In that case the learned Judge quoted the test of Vicarious liability stated in SALMOND ON TORTS 17TH Edn. At P. 465.
It is my view that the plaintiff in this case has established a prima-facie case that Lt. Col. Tumwine Joram was acting within the scope of his employment, and the burden of proving the opposite shifted to the defendant.
During the hearing of this case the defendant did nothing to discharge the burden cast on him. So I find that the driver of the Army Vehicle was acting in the course of his employment at the time of the accident. It follows, therefore, that the defendant is vicariously liable for the said accident, and I so hold.
The fourth issue is whether the plaintiff suffered any injury, loss or damage.

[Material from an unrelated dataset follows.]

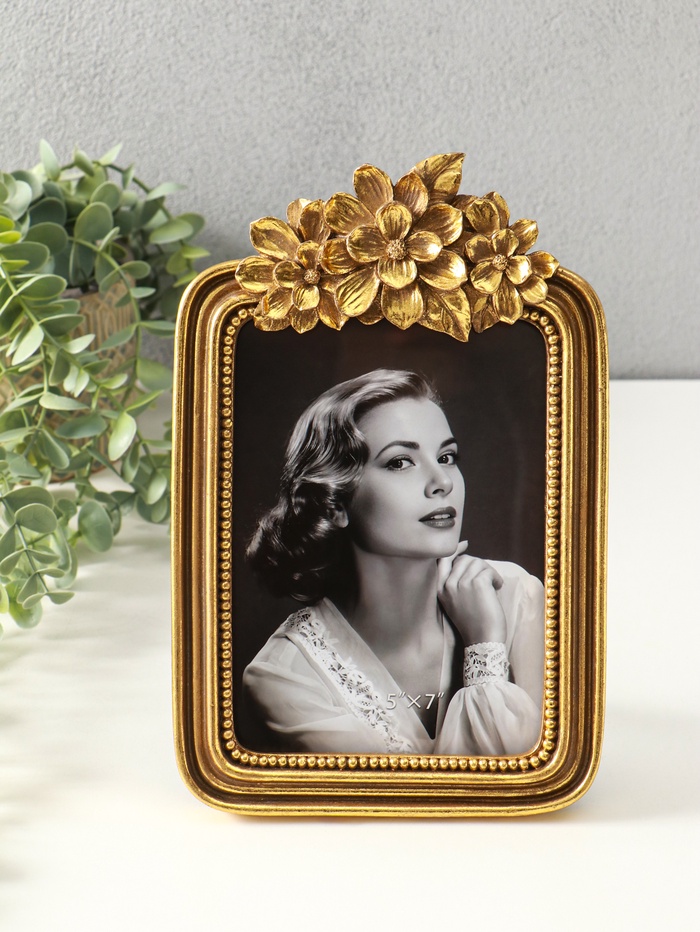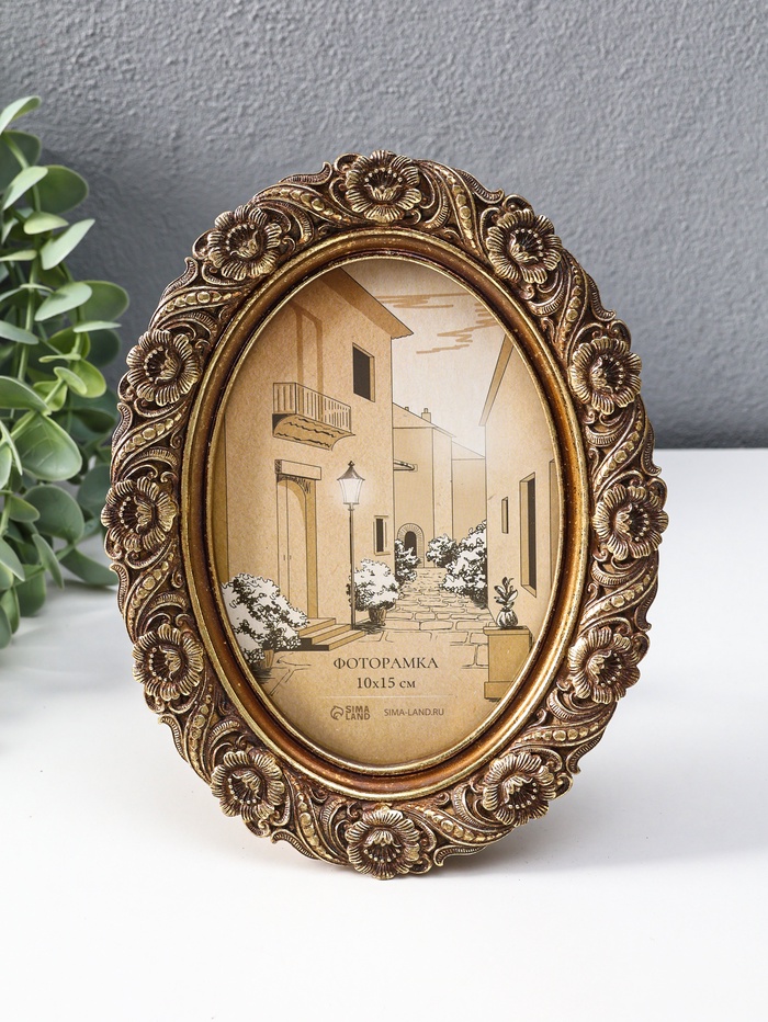 Фоторамка для фото 10×15 см «Винтажные цветы», полистоун под т. золото, 15×1.5×20 см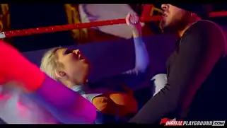 На порно ринге мужик с завязанными глазами ебет грудастую бабу

Serwadda Joseph (PW3), the plaintiff, testified as follows:-
He was 26 years old. He was working as a Taxi conductor. His employer was Paul Byekwaso (PW5) who used to pay him Shs. 25,000/= per week. The witness used to earn shs. 5000/- per day as his share of the left over income after deducting the share of his employer.
When the Taxi Vehicle, in which he was seated as a conductor, was knocked by the Army vehicle he was shocked and lost consciousness until 18/10/1999 the next day, at about 6.00 pm. He found himself admitted in Ward 3C in New Mulago Hospital. His right leg had been plastered. He had been opened up below the navel and a Catheter had been inserted. His Urethra had blocked and he could not urinate through the penis. He felt back pain and could not sit. He felt general bodily pain. He was in hospital for three weeks. Upon being discharged he had to be lifted. He started attending Mulago Hospital as an out patient. He was given crutches. The hole for the Catheter used to leak urine.
He was operated on 4/12/2001. He was operated below the testacles and at the sides of the penis. The Catheter was removed. He has to apply pressure to pass out urine. He feels some irritation as he passes out urine. After taking a drink he feels the urge to pass urine after about 10 minutes. At home he has to sit next to a bucket into which to urinate. The hole in the Pubic area for the Catheter has healed after treatment. He has to attend hospital twice a week for the Doctors to insert tubes through the Urethra. Sometimes a gadget is used to open the way. There after he passes out urine with blood. The Doctor prescribes medicine for treatment which he buys.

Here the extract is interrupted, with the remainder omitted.